The industry myth of a universal carrier for color concentrates simply isn’t true, and the issues with incompatible carriers worsens with a lack of control over the color concentrate mixing process.
This series of articles is designed to help molders understand how a few analytical tools can help diagnose a part failure. Michael Sepe, our analyst and author, is an independent materials and processing consultant based in Sedona, AZ. Mike has provided analytical services to material suppliers, molders, and end users for 20-plus years. You can reach him at [email protected].
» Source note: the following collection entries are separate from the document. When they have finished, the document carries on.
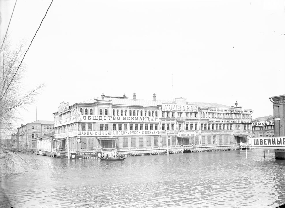 Нижегородская ярмарка во время половодья. Вид на Театральную площадь. Нижний Новгород.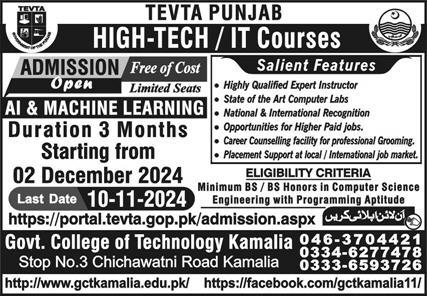 TEVTA Govt College of Technology Jhang AI & Machine Learning admissions 2024 has been announced. Students who want to take admissions in TEVTA Govt College of Technology Jhang Toba Tek Singh Punjab Pakistan for academic year 2024 to continue education in IT Course can apply. Students who want to enroll for academic session 2024 in Course qualification and admission criteria for Government institute can apply till last date 9 November 2024. Read newspaper ad for exact details.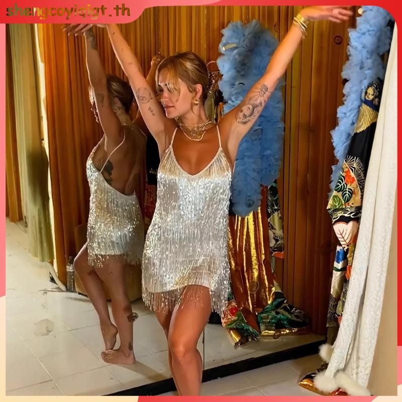 Hilario ชุดมินิเดรส คอวี สายสปาเก็ตตี้ ประดับพู่ กลิตเตอร์ สไตล์โบฮีเมียน หรูหรา สําหรับปาร์ตี้ค็อกเทล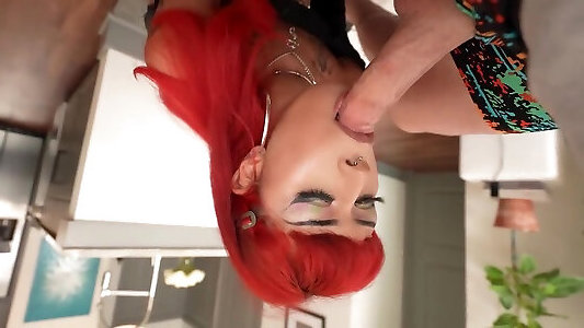une petite bikkeny step mom aux cheveux roux suce une grosse bite pendant les heures de bureau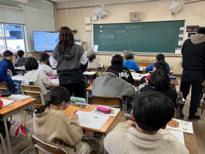 1月24日(水)2時間目、5年2組は算数で平行四辺形の高さと面積の関係を調べていました。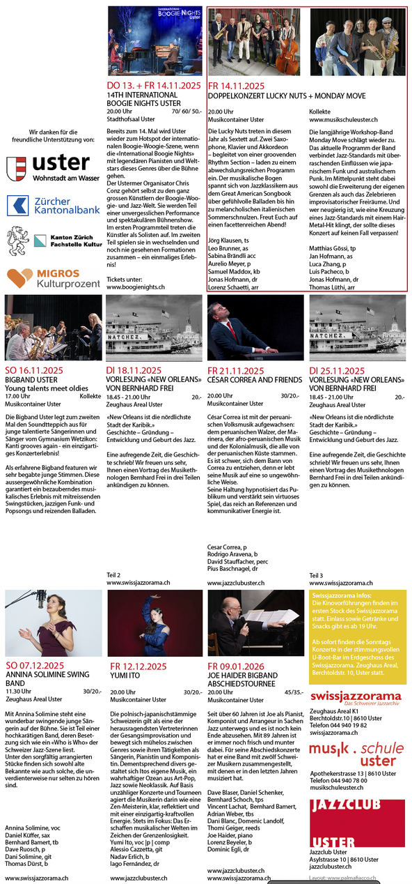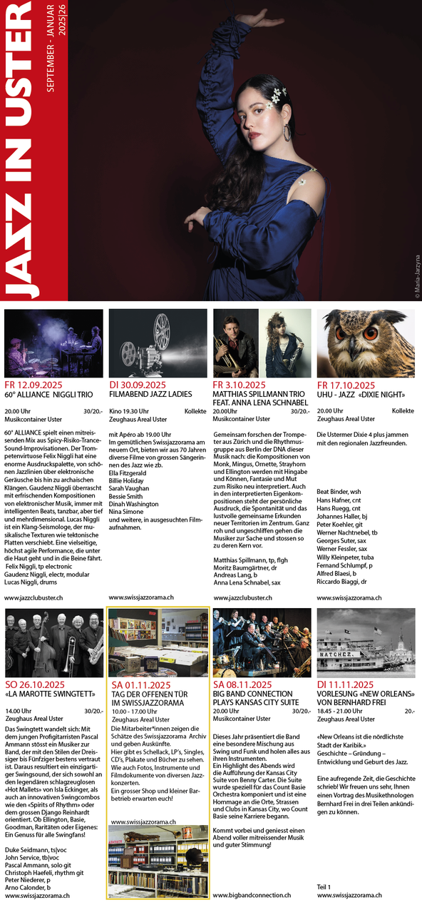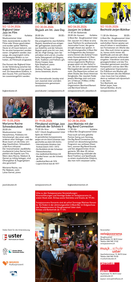 Wenn Du eine gedruckte Version des Jazzclub Uster Programm möchtest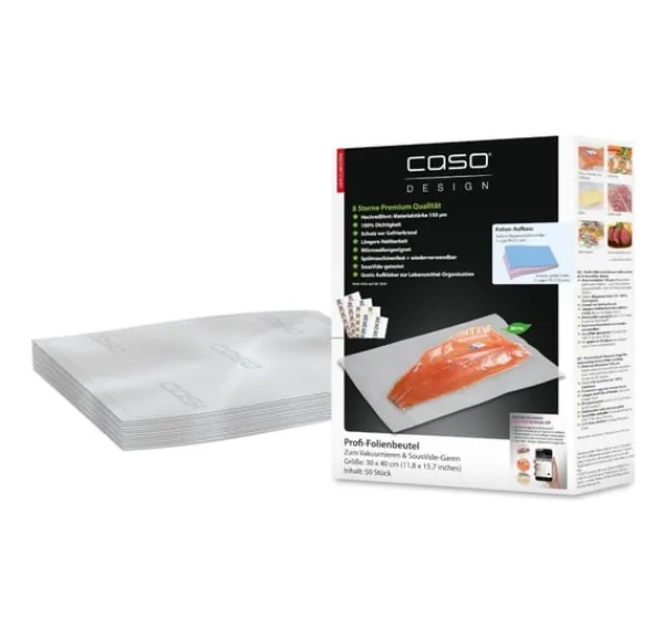 Övriga egenskaper: Stark & Rivbeständig, Mikrovågsanvändning möjlig, Skyddar mot frysbränna och aromförlust, Idealisk för Sous Vide, Tillagad i vatten vid 100 ° C i max 8 timmar, Testad endast med Caso-förseglare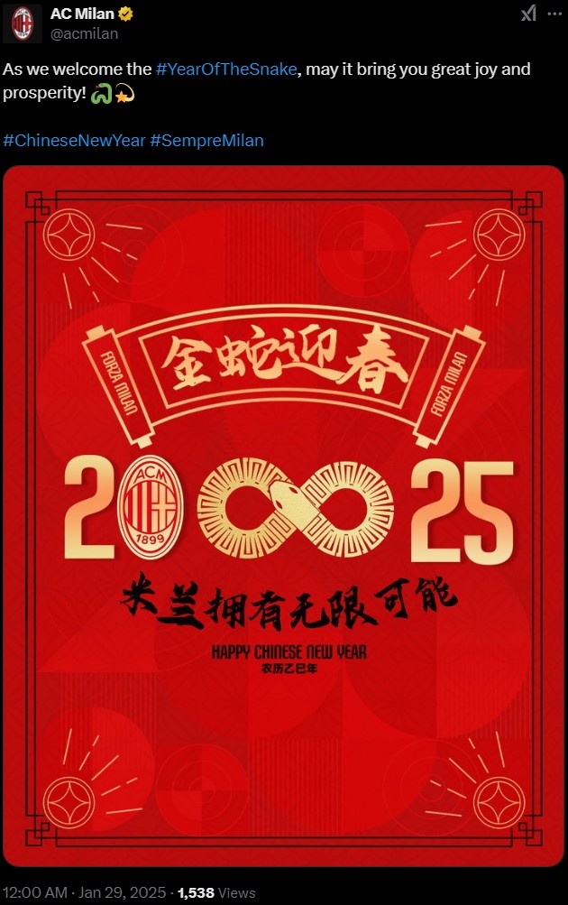 1月29日訊 AC米蘭官推今天曬海報,祝福球迷們蛇年快樂。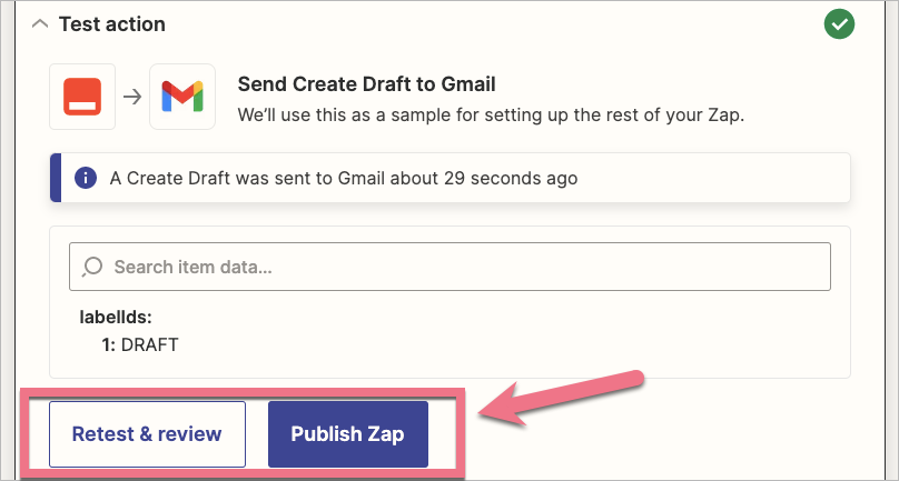W sekcji testowania akcji (Test action) kliknij Test & Review lub Test & Continue. Jeżeli test zostanie zakończony pomyślnie, opublikuj Zapa (Publish Zap).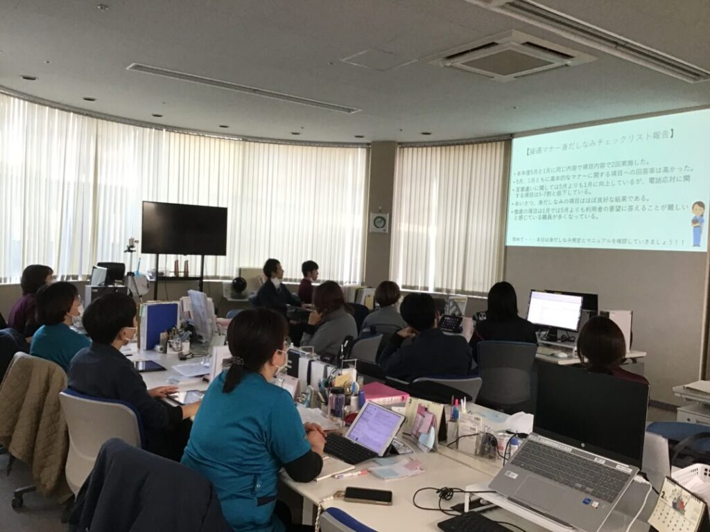 先月、当ステーションでは接遇マナーと身だしなみ、電話応対について研修を行いました。当ステーションの規定に基づき服装等の身だしなみを確認し、電話応対では受ける時・かける時のマナーについて確認を行いました。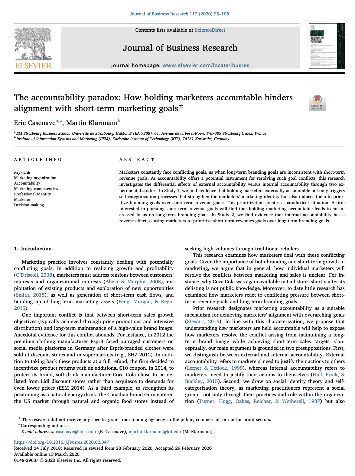 Casenave, Eric and Martin Klarmann (2020) "The Accountability Paradox: How Holding Marketers Accountable Hinders Alignment with Short-term Marketing Goals", Journal of Business Research, 112 (May), 95-108. |
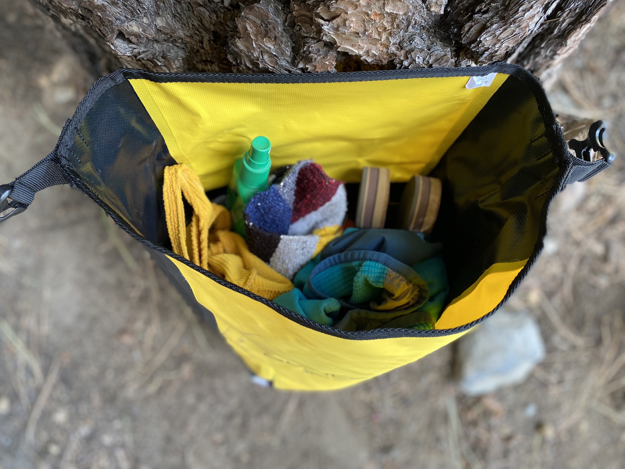 The Burley Pannier Set boasts a 500-Denier waterproof tarpaulin with heat-sealed seams and a roll-top closure. Tarpaulin is a heavy-duty polyester canvas coated with PVC. This thick, high-strength material is very difficult to rip or tear and is highly waterproof and stain-resistant. Despite the tarpaulin's hefty nature, the panniers are rather lightweight. The Burley set passed all the toss tests during our gravel rides, proving to be seemingly indestructible, though small scratches and dirt are more obvious on these bags thanks to the bright yellow colorway.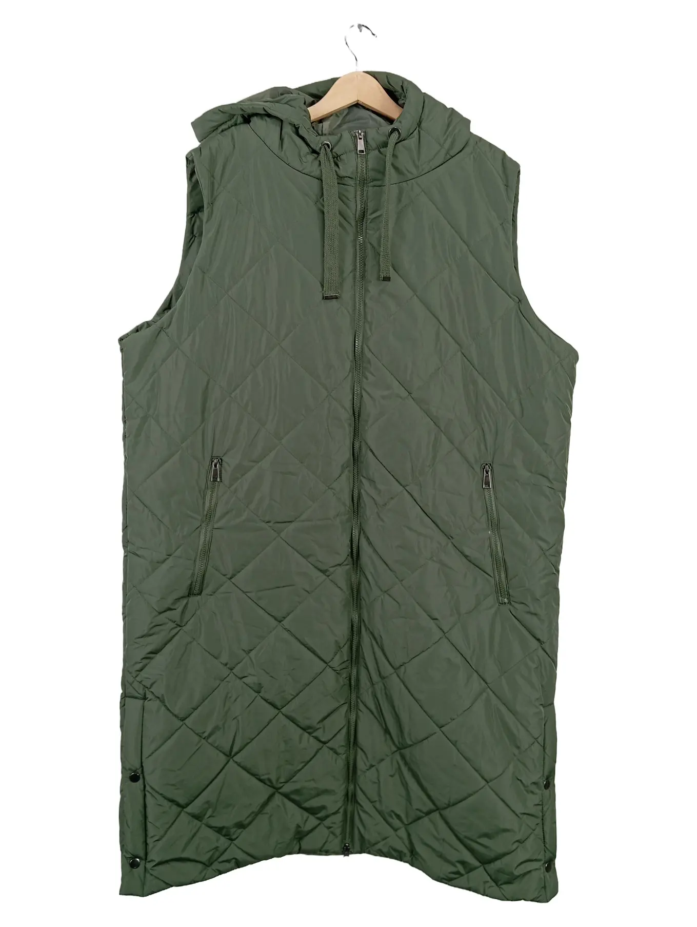 KAPALUA Steppweste Damen 3XL Oliv Kapuze Lang Wattiert Weste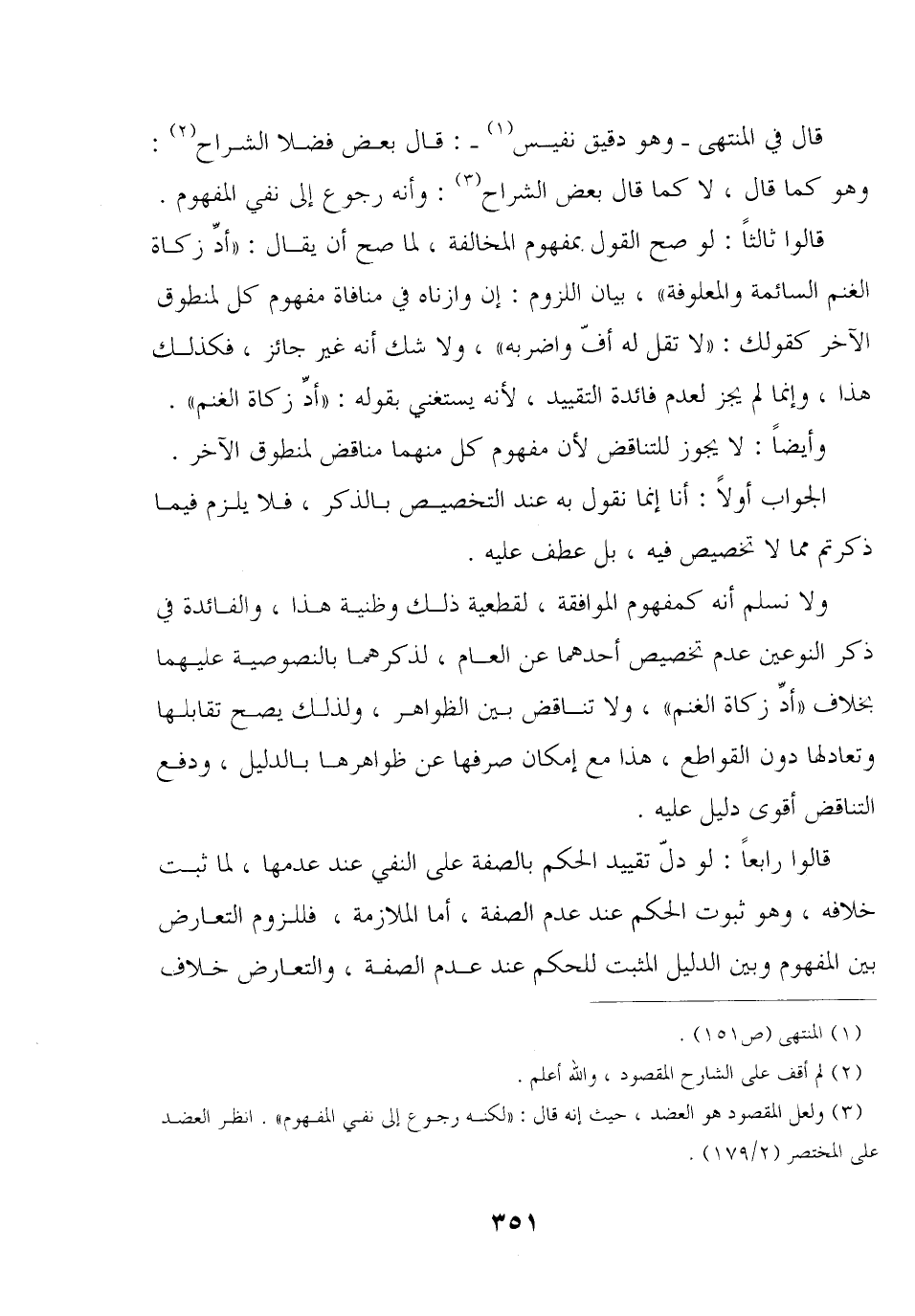 قال في المنتهى - وهو دقيق نفيس -: قال بعض فضلا الشراح: وهو كما قال, لا كما قال بعض الشراح: وأنه رجوع إلى نفي المفهوم.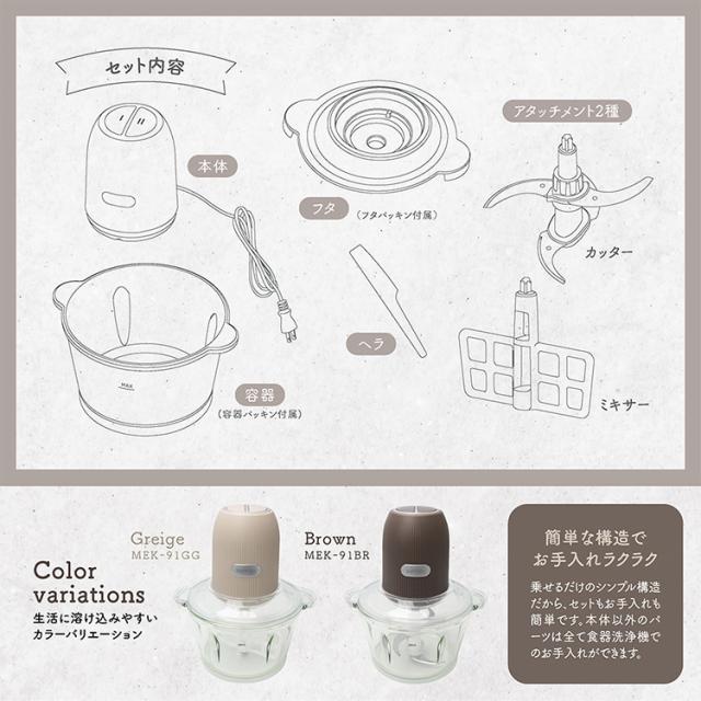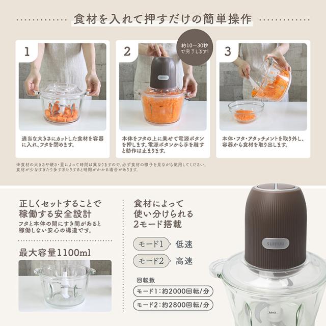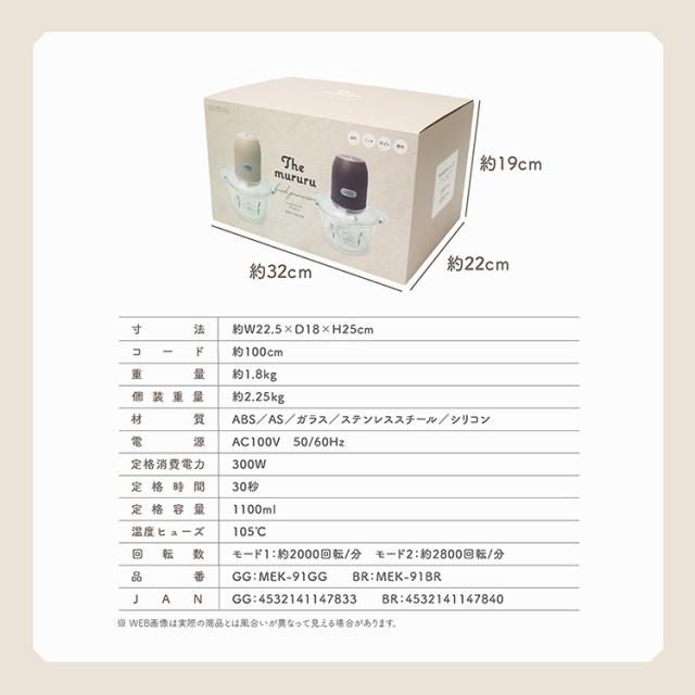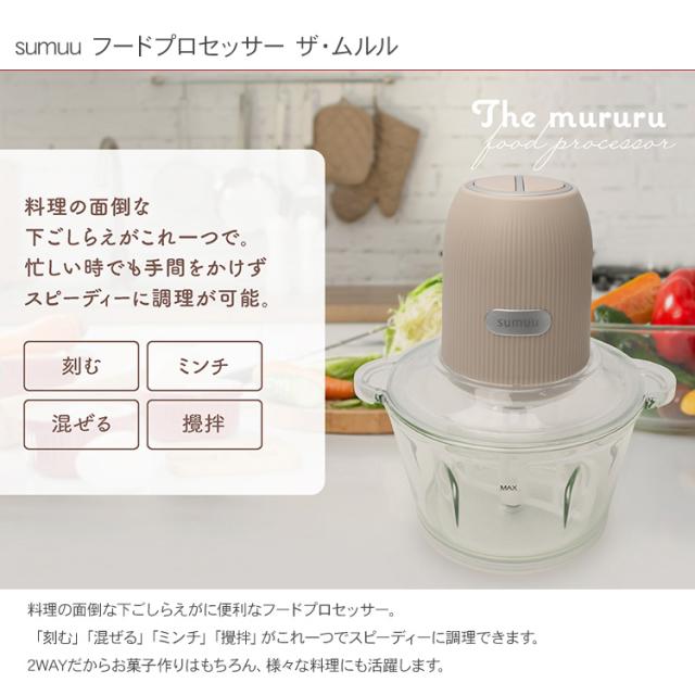 sumuu スムウ フードプロセッサー ザ・ムルル MEK-91 GG 調理家電 調理器具 便利 時短 カッター ミキサー 刻む ミンチ 混ぜる 攪拌 氷 低速 高速 2モード シンプル スタイリッシュ キッチン家電 キッチン用品 おしゃれ

In past articles, we have discussed the problems related to using incompatible carriers in color concentrates. There is a myth in the industry that there are universal carriers—polymers that can be used as carriers for color concentrates and blended into any base resin to provide the desired color in the end product. Processors who have spent significant time in the industry have experienced inadvertent contamination. They know that very few materials can be mixed together without negative consequences because very few polymers are naturally miscible. (A chemist’s way of saying that two materials can be blended to produce a uniform product).
There are exceptions. Polyethylenes of different densities can be mixed without creating different phases, and often polyethylene and polypropylene will blend properly. Nylon 6 and nylon 6/6 can be blended uniformly and often are used in the same base compound and as a combination of colorant plus natural material, preferably with nylon 6 as the color concentrate carrier.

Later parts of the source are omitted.